Location
- 1 Mei Tin Road, Tai Wai, Sha Tin District, Hong Kong

Information
- Type: Aided
- Motto: "Fides, Spes and Caritas" is in Latin which means "Faith, Hope and Love" in English. ("And now these three remain: faith, hope and love. But the greatest of these is love." (1 Corinthians 13:13))
- Established: 1985; 41 years ago
- School district: Sha Tin District
- Principal: Ms. Leung Kit Yin
- Gender: Co-education
- Enrollment: 1,088 (2013-2014)
- Language: English
- Campus size: 6,600 m^{2} (71,000 sq ft) (approx.)
- Affiliation: Tsung Tsin Mission of Hong Kong
- Website: sttss.edu.hk

= Shatin Tsung Tsin Secondary School =

Secondary school in Hong Kong

Shatin Tsung Tsin Secondary School (沙田崇真中學) is a grammar school in Tai Wai, Sha Tin District, Hong Kong. Founded in 1985 by the Basel Mission (Sham Shui Po).

== Curriculum ==

=== Subjects for Junior Secondary (S1-S3) ===

S1: Chinese, English, English Literature, Mathematics, Integrated Science, Chinese History, World History, Geography, Liberal Studies, Technology, Putonghua, Arts-in-Life (visual arts, domestic science, music), Physical Education, Life Education and Christian Education.

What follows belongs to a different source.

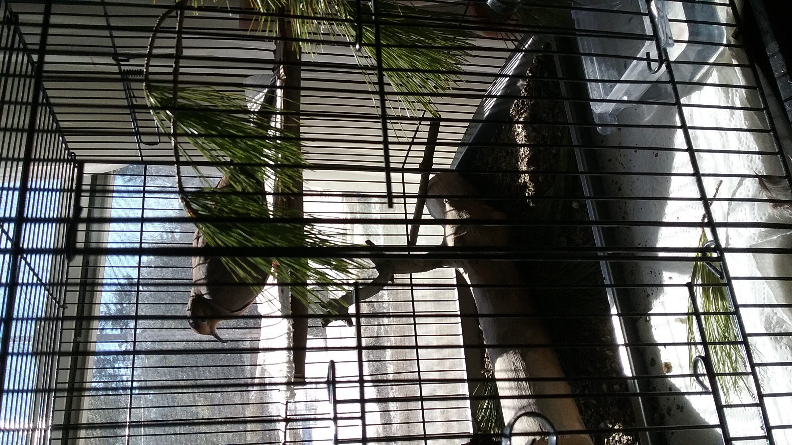 Mon.22.Mar: 6.51 Up, dressed, been out in the “crisp” morning air for a half-smoke, under-things in the basin on the soak and... feeling like right SHIT!!! At 6.00 this morning, I half-woke to the sound of... YONAH! accompanied by the “sounds of thunder”. Shitboi was “on the move” and making it's presence in Creation known. OK. So I read that mourning doves need 10 hours of “rest/sleep” and yes, by 6.00 this morning it had been roughly 11 hours since dear Yonah had “curtain call” last night. BUT... BANGING AT 6.00? Well, let's just say that I'm planning a quick run into town this morning, should the truck be warmed enough with the temperatures of the forecast and should the opportunity present, there's to be a “chat in the meats aisle”. I'm fucking fed-up with this shit. Fine, IF the moron in-breed DOES leave by month's end, it's only another 10 days, but I've just had more than I care to bother with/about. This nonsense about “Sex can be noisy” is just so much bull-shit! And I'm feeling horrid this morning. Light-headed, painful chest, generally run-down... in spite of having gotten a night's sleep. - 6.58 “The call”... Yonah is up and ready to rock'n'roll. My Life's Delight is up with me. WHAT A LOVE! - 7.55 AND... Yonah's pool has been cleaned and re-filled. Fresh water in the dish. Her “bird songs” are playing and ... AND... I notice, of late, that when I go into the room and over to her, she comes closer to me! She still won't come near my hand when I put it into the cage, but she gravitates to me other-wise. And she doesn't mind when I go in to clean the pool or her “house”. Still, I wonder what she'll do when she's out-side. Will I EVER see her again? Time will tell. - And I've had a full smoke on the front porch. Margaret came by, off the Hill, and gave a wave. I don't know why they bother. The only one who actually looks as if she's genuine is “Pat” from the Lakota. The rest of them appear “constipated”. Oh... I'm SURE there are rumours flying about this “Pleasant Valley” and you know? They can SHOVE their rumours... bored, tedious old shits. - Now, I have to take a morning dump. Let's see how the plumbing takes it. - Which reminds me of last night's dream:

S2: Chinese, English, English Literature, Mathematics, Physics, Chemistry, Biology, Chinese History, World History, Geography, Liberal Studies, Technology, Putonghua, Arts-in-Life(visual arts,
domestic science, music), Physical Education, Life Education and Christian Education.

S3: Chinese, English, English Literature, Mathematics, Physics, Chemistry, Biology, Chinese History, World History, Geography, Liberal Studies, Economics, Business, Accounting and Financial Studies(BAFS), Technology, Putonghua, Arts-in-Life(visual arts, music), Physical Education, Life Education and Christian Education.

=== Subjects for New Senior Secondary (S4-S6) ===

Core subjects: Chinese, English, Mathematics, Liberal Studies

Elective subjects: Physics, Chemistry, Biology, Information and Communication Technology, World History, Chinese History, Chinese Literature, Economics, Business, Accounting and Financial Studies(BAFS), Physical Education, Geography and Visual Arts
(For S5-S6, the school offers Mathematics Extended Module 1 and 2 for capable students.)